Это создавало известные трудности. По установленному порядку, прежде чем решить, может ли любое зарубежное издание находиться в доступном читателям фонде библиотеки или должно быть в спецхра-не, его подвергали цензуре Главлита. Но Главлит не мог справиться с просмотром и трофеев, и обычной литературы, которую снова начали покупать за границей или получать по международному книгообмену. Как известно, секретное хранение определялось постоянно менявшимися списками Главлита (с ними меня на протяжении тридцати лет под расписку знакомили в 1-м отделе, дверь которого ради обеспечения секретности ни на секунду не оставалась незапертой). Ни один текст, вышедший из-под пера лиц, значившихся в этих списках (а для рукописных материалов, по самой своей сути не подвергнувшихся ранее цензуре, — ни одно упоминание о ком-либо из них), не мог быть выдан читателю или отражен в доступном ему справочном аппарате. Какая же бдительность требовалась от библиотекарей и архивистов, чтобы не прозевать какое-то новое предписание! Но с именами все-таки проще — а как уследить за меняющимися по мановению свыше оценками исторических событий и явлений? Тем более что тут списков не было, а лишь устный инструктаж, иной раз такой невнятный, будто говорящие сами не понимали, чего требуют. А в иностранной литературе следить требовалось прежде всего за этим.
Так вот, цензуре не удавалось пропустить через себя такой объем литературы, и в библиотеке создали свою цензурную группу, которой руководил какой-то главлитчик. В нее включили и меня. Ответственность была велика: каждый получил личную печатку с номером, что позволяло потом легко выявить, кто пропустил ту или иную книгу к читателю. Я уже с трудом припоминаю критерии, по которым мы засекречивали литературу. Кое-что хоть как-то поддавалось объяснению — например, строжайшее изъятие чего бы то ни было связанного с врагом номер один - Троцким. Можно было догадаться о причине засекречивания исторических трудов, так или иначе касавшихся русской политики по отношению к национальным окраинам. Если еще совсем недавно книга или документ, свидетельствующий о национальном гнете в Российской империи, о царской России как о «тюрьме народов», свободно выдавались и экспонировались на выставках, пропагандируя этот тезис, то после войны, после массовых репрессий целых народов, эта тема стала опасной. Именно тогда в исторической литературе началось, в частности, превращение мюридизма, еще недавно восхвалявшегося как прогрессивное национально-освободительное движение, в оплот реакции. Поэтому мы не пропускали любое сочинение о Кавказских войнах, да и просто любое упоминание о Шамиле.
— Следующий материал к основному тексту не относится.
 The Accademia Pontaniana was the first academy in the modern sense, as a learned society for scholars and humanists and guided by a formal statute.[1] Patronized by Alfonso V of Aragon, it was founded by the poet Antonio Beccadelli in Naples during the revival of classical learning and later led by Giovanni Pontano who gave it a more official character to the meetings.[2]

Но бывали другие запреты, которым человек в здравом рассудке не мог найти удовлетворительного объяснения, — хоть те же фокусы с литературой Серебряного века после постановления 1946 года.
Каково же было этим заниматься, сознавая свою позорную роль и утешая себя только тем, что одновременно занимаешься другим — делаешь нужное и благородное дело!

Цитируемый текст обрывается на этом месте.